Смущенно просил прощения, суетился, предлагал какие-то убитые рваные тапки, от которых Вера решительно отказалась. Пытался усадить ее в старое, потертое, доисторическое кресло, но и здесь она сказала решительное «нет».
Прошла на кухню, поморщилась при виде раковины, полной грязной посуды, качнула головой, отметив крошки на клеенке и залитую кофе плиту.
– Не утруждаешь себя бытом, – не удержалась она.
Красовский принялся объяснять, что сил нет, уже три дня бьет кашель, а с врачом все тянул, но вчера понял, что выхода нет. Он никогда не лечился, в лекарствах ничего не понимает.
– Может, вообще не принимать? – с сомнением спросил он. – А, ты привезла! Ну тогда да, конечно! Все сразу и по схеме, с легкими не шутят, ты, Вера, права! А приберусь завтра, если будет полегче. Я же не знал, что ты приедешь! Такой вот конфуз, извини.
Вера молча разбирала свои пакеты, открыла холодильник, из которого пахнуло откровенно несвежим, лежалым и стухшим.
Прикрикнула на Красовского, строго приказала выпить антибиотик и лечь в постель.
Он, бормоча и оправдываясь, тут же послушался и прошаркал в комнату.
Вера протерла холодильник, выбросила в помойку все содержимое, поставила туда свои контейнеры и после некоторого раздумья принялась за посуду. Моющие средства отсутствовали. Нашлись остатки окаменевшей соды, и Вера развела ее водой.
Разобравшись на кухне, пошла в комнату.
Вот где была разруха. Ремонта эта квартира, кажется, не знала никогда.

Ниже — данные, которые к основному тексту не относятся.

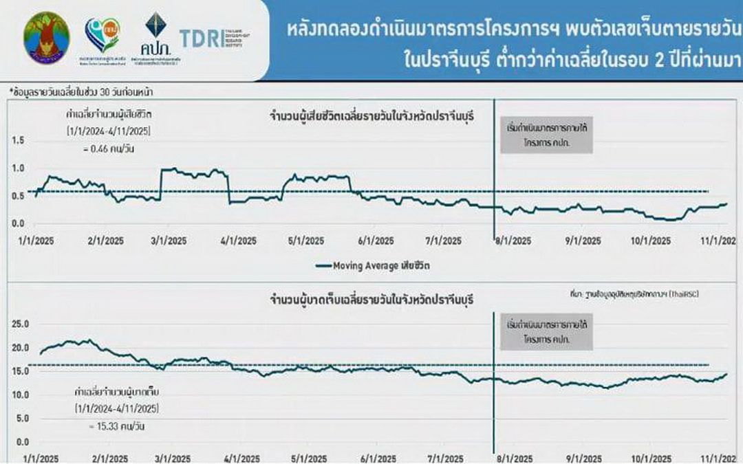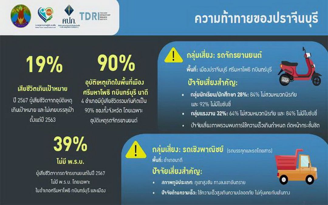 ย้อนไปเมื่อเดือน เม.ย. 2568 สถาบันวิจัยเพื่อการพัฒนาประเทศไทย (TDRI) ได้ร่วมกับสำนักงานคณะกรรมการกำกับและส่งเสริมการประกอบธุรกิจประกันภัย (คปภ.) และภาคีเครือข่ายอีกหลายองค์กร จัดงานแถลงข่าว “ปราจีนยืนหนึ่ง ถนนปลอดภัย อุ่นใจด้วยการประกันภัย” ภายใต้ “โครงการสร้างพื้นที่ต้นแบบด้านความปลอดภัยทางถนน และการรณรงค์ประกันภัยรถภาคบังคับ ปี 2568” ซึ่งในเวลานั้น “ทีมงาน นสพ.แนวหน้า” ได้นำเสนอข่าวมาแล้วครั้งหนึ่ง (สกู๊ปแนวหน้า : ลดความสูญเสียบนถนน เป้าที่ท้าทายของ‘ปราจีนบุรี’ , หน้า 5 ฉบับวันเสาร์ที่ 26 เม.ย. 2568)

Старый шкаф с зеркалом, бельевая тумба из прошлого века, телевизор, чешские полки с книгами, икеевская стойка под диски, совсем нелепая в этой квартире. И разобранный диван, на котором спал, похрапывая, ее бывший муж и отец ее единственного сына.
Она смотрела на него и вспоминала.
Роберт в клетчатой ковбойке и потертых кедах, заезженная пластинка с набившей оскомину песней – «Прощай и ничего не обещай». Изо всех окон, как надоело! Но если честно, песня ей нравилась.

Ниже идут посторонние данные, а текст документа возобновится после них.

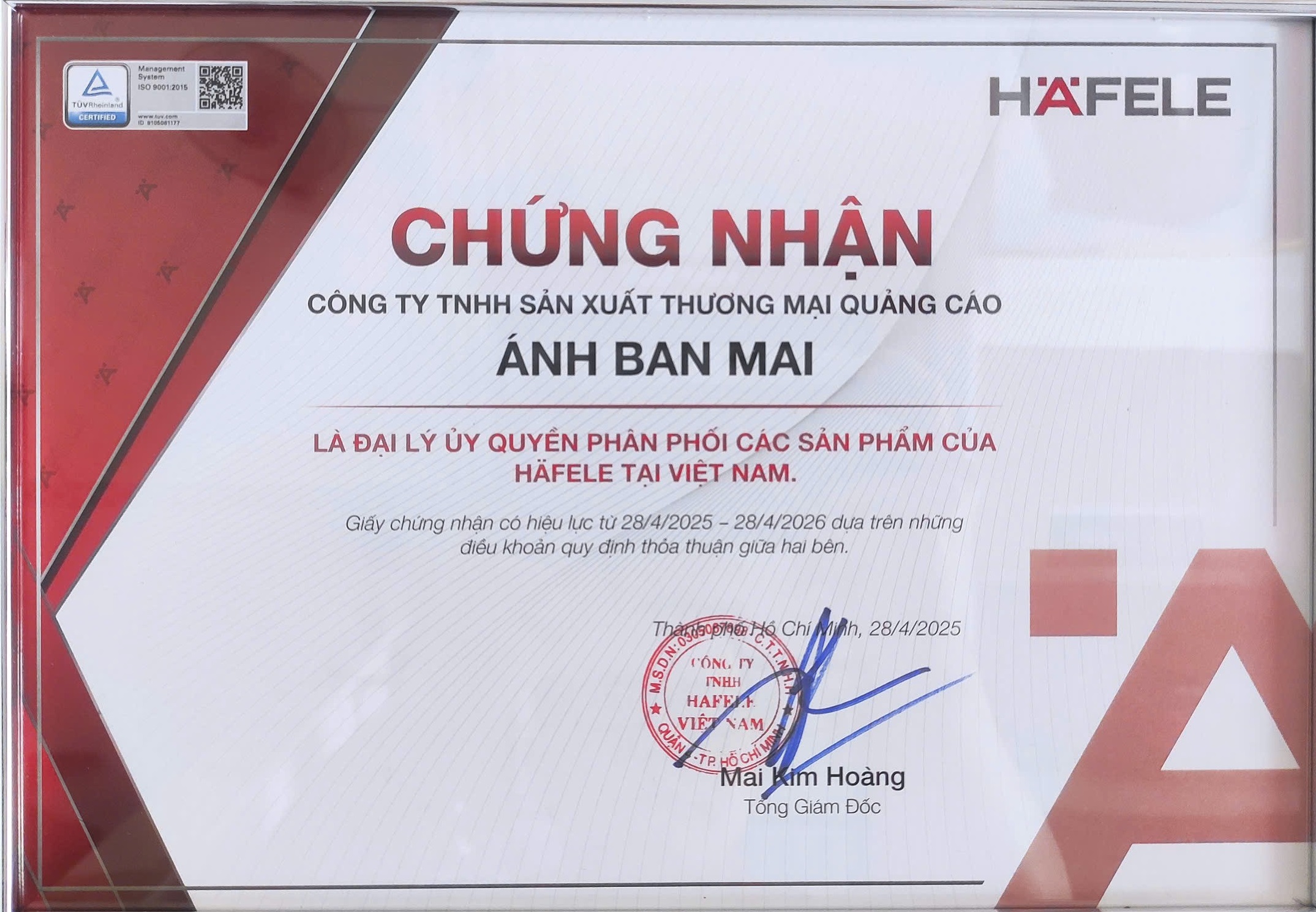 Công ty Ánh Ban Mai là đại lý phân phối chính hãng các thương hiệu Châu Âu như Hafele, Bosch, Smeg, Fagor, Teka, Cata, Duravit, Hansgrohe, Axor, Carysil, Hettich, Imundex, Cucina … Sản xuất các sản phẩm gia dụng, thiết bị bếp, phụ kiện cửa đi, phụ kiện kính, phụ kiện tủ bếp, thiết bị vệ sinh.
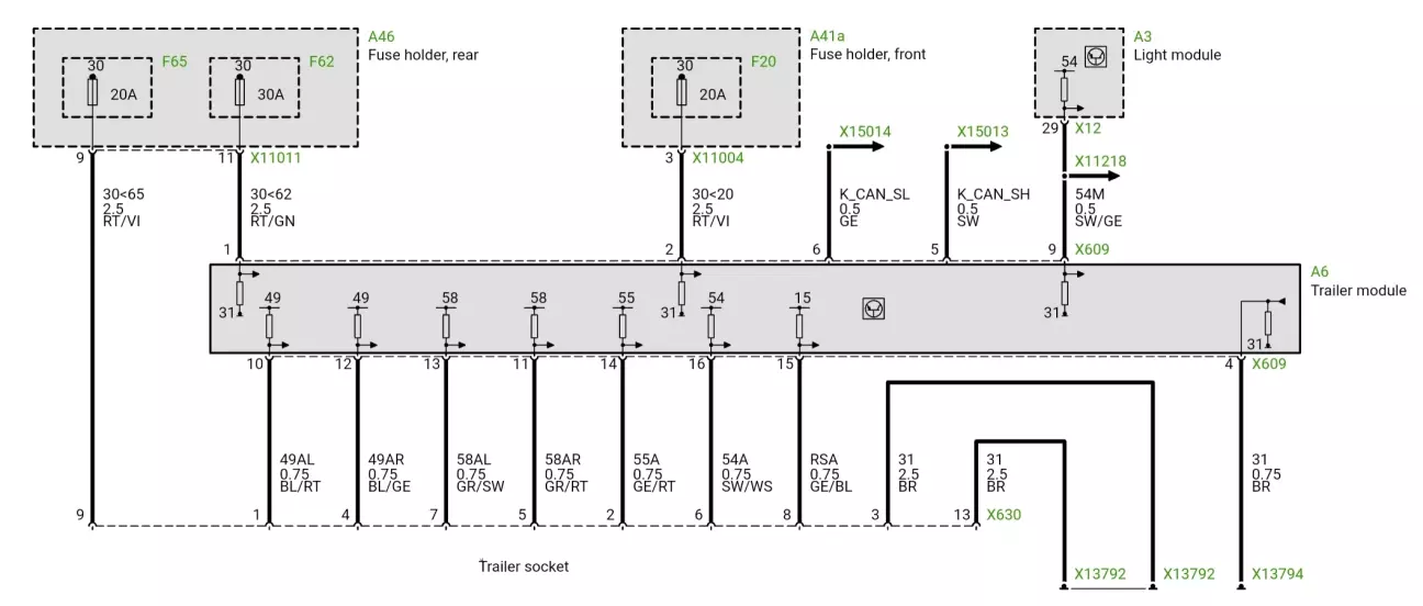 Пін 1 - живлення модуля прицепа. Під'єднується до заднього блоку запобіжників А46 фішки х11011 пін 11. На схемі має позначення 30<62 2.5 (RT/GN), що означає 30 контакт (постійний плюс) взятий з запобіжника 62, 2.5 мм.квадратних, червоний з зеленою смужкою.

А он над советской эстрадой смеялся. Он слушал «Битлз».
Его губы, ее губы и его слова. Первый мужчина. И она верит ему. Навсегда.
Тугой живот, выматывающие утренние рвоты. Тошнит, все время тошнит. Тошнит от всего. Невыносимый запах капусты из институтской столовки.
Бабушка, ее жесткие, жестокие слова. Почему она ее не жалела?
Яркий, белый свет лампы в родилке. Адская, разрывающая пополам боль. И слабый писк – он родился?